Monoliths - one programming language; one repository; enables sequential development
Microservice - multiple programming languages; multiple repositories; enables concurrent development
Scalability
Scalability captures how an application is able to scales up and down, based on the incoming traffic.
Monoliths - replication of the entire stack; hence it’s heavy on resource consumption
Microservice - replication of a single unit, providing on-demand consumption of resources
Time to Deploy
Time to deploy encapsulates the build of a delivery pipeline that is used to ship features.
Monoliths - one delivery pipeline that deploys the entire stack; more risk with each deployment leading to a lower velocity rate
Microservice - multiple delivery pipelines that deploy separate units; less risk with each deployment leading to a higher feature development rate
Flexibility
Flexibility implies the ability to adapt to new technologies and introduce new functionalities.
Monoliths - low rate, since the entire application stack might need restructuring to incorporate new functionalities
Microservice - high rate, since changing an independent unit is straightforward
Operational Cost
Operational cost represents the cost of necessary resources to release a product.

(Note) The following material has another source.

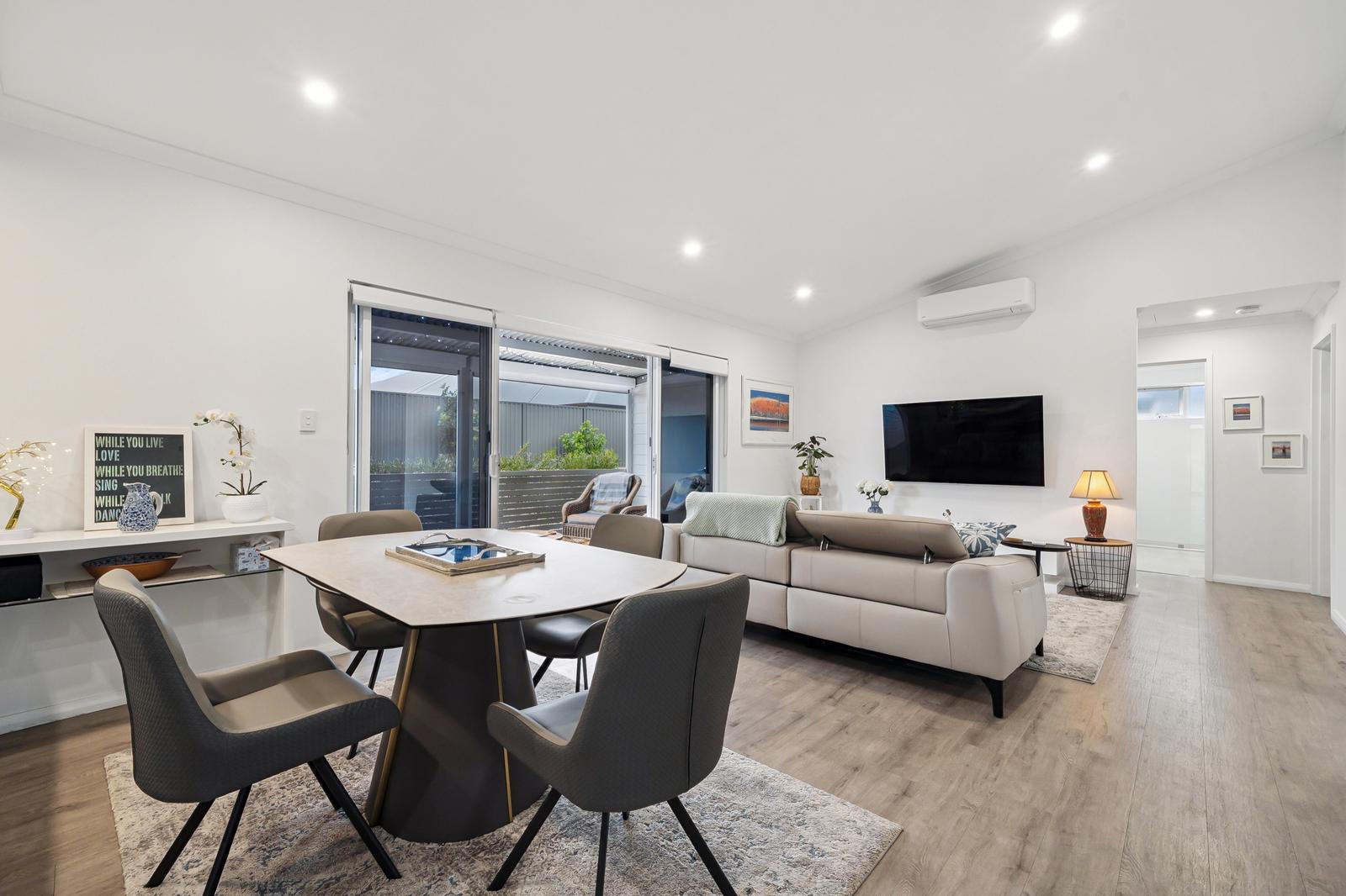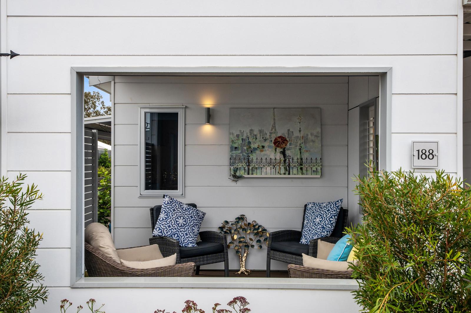 †All-inclusive Providence specifications such as stone bench tops, high-end appliances, insulation, acoustic treatment, solar & battery pack, inverter, air conditioning, Wi-Fi, and complete low maintenance and water friendly landscaping package.

Monoliths - low initial cost, since one code base and one pipeline should be managed. However, the cost increases exponentially when the application needs to operate at scale.
Microservice - high initial cost, since multiple repositories and pipelines require management. However, at scale, the cost remains proportional to the consumed resources at that point in time.
Reliability
Reliability captures practices for an application to recover from failure and tools to monitor an application.

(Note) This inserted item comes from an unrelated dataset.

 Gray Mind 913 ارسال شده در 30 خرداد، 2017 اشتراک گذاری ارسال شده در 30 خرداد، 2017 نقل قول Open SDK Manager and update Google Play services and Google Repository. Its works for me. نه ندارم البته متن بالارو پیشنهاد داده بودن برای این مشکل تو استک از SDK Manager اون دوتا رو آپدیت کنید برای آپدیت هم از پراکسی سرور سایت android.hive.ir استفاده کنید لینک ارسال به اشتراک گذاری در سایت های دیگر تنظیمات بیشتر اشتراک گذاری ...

Monoliths - in a failure scenario, the entire stack needs to be recovered. Also, the visibility into each functionality is low, since all the logs and metrics are aggregated together.
Microservice - in a failure scenario, only the failed unit needs to be recovered. Also, there is high visibility into the logs and metrics for each unit.
Best Practices For Application Deployment
There are basic best practices when it comes to deploying an application regardless if it is a monoliths or microservices application. These practices help in improving the lifecycle of the application and make it easier to maintain and improve upon later. Here is the list of best practices:
1- Health Checks: it showcase the status of an application. These checks report if an application is running and meets the expected behavior to serve incoming traffic
2- Metrics: Statistics to quantify the performance of the application such as as number of active users, number of requests per seconds, longest/average response time for a request, resources (CPU, RAM …) utilization etc.
3- Logs: provides valuable insights into what operations a service is performing at a point in time which can have multiple levels (DEBUG, INFO, WARN, ERROR, FATAL)
4- Tracing: creating a full picture of how different services are invoked to fulfill a single request
5- Resource Consumption: encapsulates the resources an application requires to be fully operational such as CPU, RAM, Network throughput etc.
Amorphous Applications
Applications are in a constant state of change and during the lifecycle of an application it might have operations applied to it during application maintenance such as
- Split: when a functionality is too big or complex and it needs to be split into smaller units.
- Merge: when a unit is very granular or apply only to handful of cases it might be good to merge it with another unit.
- replace: sometimes a junctional is replaced entirely by a new process or written in a new framework or programing language to address issues such as performance or maintainability or extensibility.
- Stale: when a functionality or unit is no longer needed by the business or the application it is retired.